- WORK REQUIRED -
Where the line holding "つなげた輪飾りのはじをそろえて、他の班と長さを比べたり、" appears, start copying, and continue exactly through the last line of the listing, skipping pictures.

##### MATERIAL PROVIDED #####

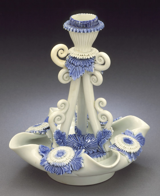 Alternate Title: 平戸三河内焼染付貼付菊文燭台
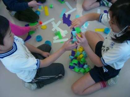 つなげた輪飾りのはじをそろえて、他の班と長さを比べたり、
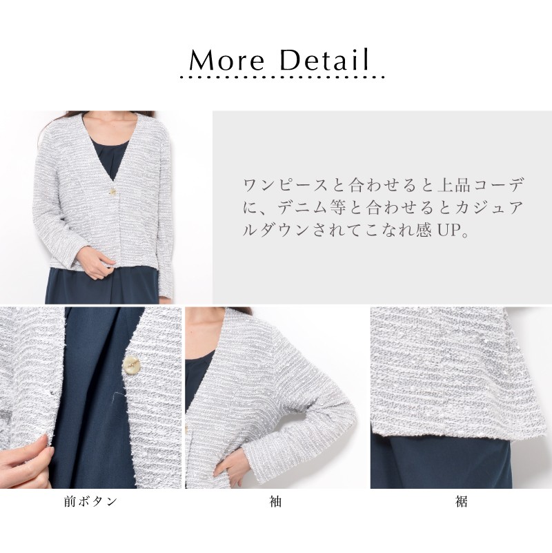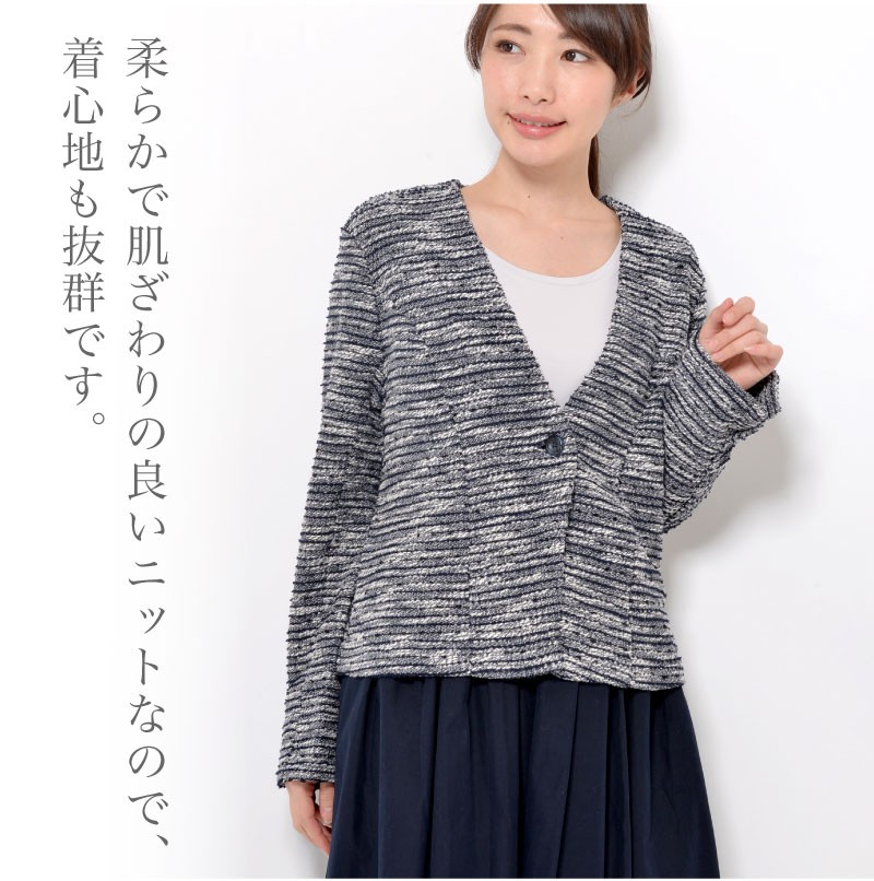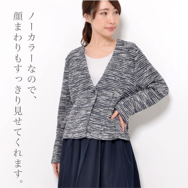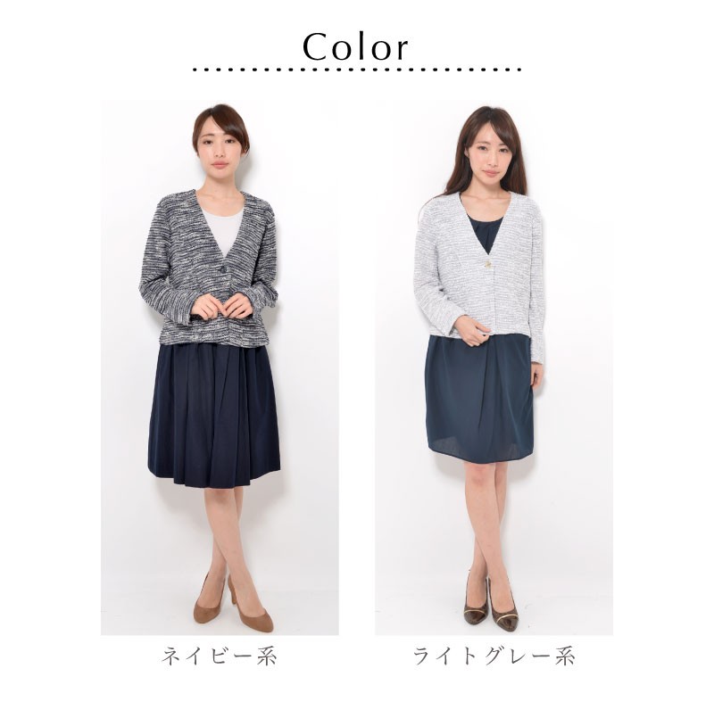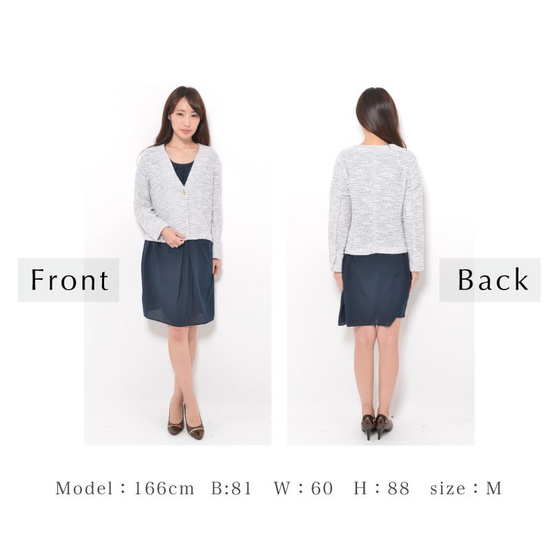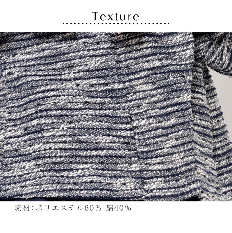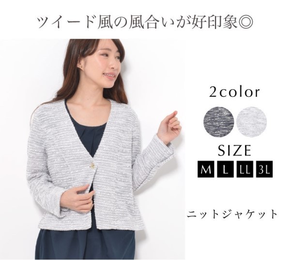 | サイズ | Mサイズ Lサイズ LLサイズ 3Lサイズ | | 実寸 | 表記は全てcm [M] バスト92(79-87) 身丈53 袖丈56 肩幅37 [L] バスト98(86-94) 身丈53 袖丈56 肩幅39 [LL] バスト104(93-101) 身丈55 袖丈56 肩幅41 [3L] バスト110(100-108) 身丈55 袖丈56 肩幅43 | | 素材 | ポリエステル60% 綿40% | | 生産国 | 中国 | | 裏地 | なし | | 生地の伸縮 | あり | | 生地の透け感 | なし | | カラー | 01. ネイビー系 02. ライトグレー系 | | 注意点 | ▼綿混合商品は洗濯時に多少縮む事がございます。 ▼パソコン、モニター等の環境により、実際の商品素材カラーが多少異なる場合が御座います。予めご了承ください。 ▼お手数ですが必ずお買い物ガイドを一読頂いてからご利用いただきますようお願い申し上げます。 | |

#####

- FINISHED EXERCISE -
 つなげた輪飾りのはじをそろえて、他の班と長さを比べたり、
 | サイズ | Mサイズ Lサイズ LLサイズ 3Lサイズ | | 実寸 | 表記は全てcm [M] バスト92(79-87) 身丈53 袖丈56 肩幅37 [L] バスト98(86-94) 身丈53 袖丈56 肩幅39 [LL] バスト104(93-101) 身丈55 袖丈56 肩幅41 [3L] バスト110(100-108) 身丈55 袖丈56 肩幅43 | | 素材 | ポリエステル60% 綿40% | | 生産国 | 中国 | | 裏地 | なし | | 生地の伸縮 | あり | | 生地の透け感 | なし | | カラー | 01. ネイビー系 02. ライトグレー系 | | 注意点 | ▼綿混合商品は洗濯時に多少縮む事がございます。 ▼パソコン、モニター等の環境により、実際の商品素材カラーが多少異なる場合が御座います。予めご了承ください。 ▼お手数ですが必ずお買い物ガイドを一読頂いてからご利用いただきますようお願い申し上げます。 | |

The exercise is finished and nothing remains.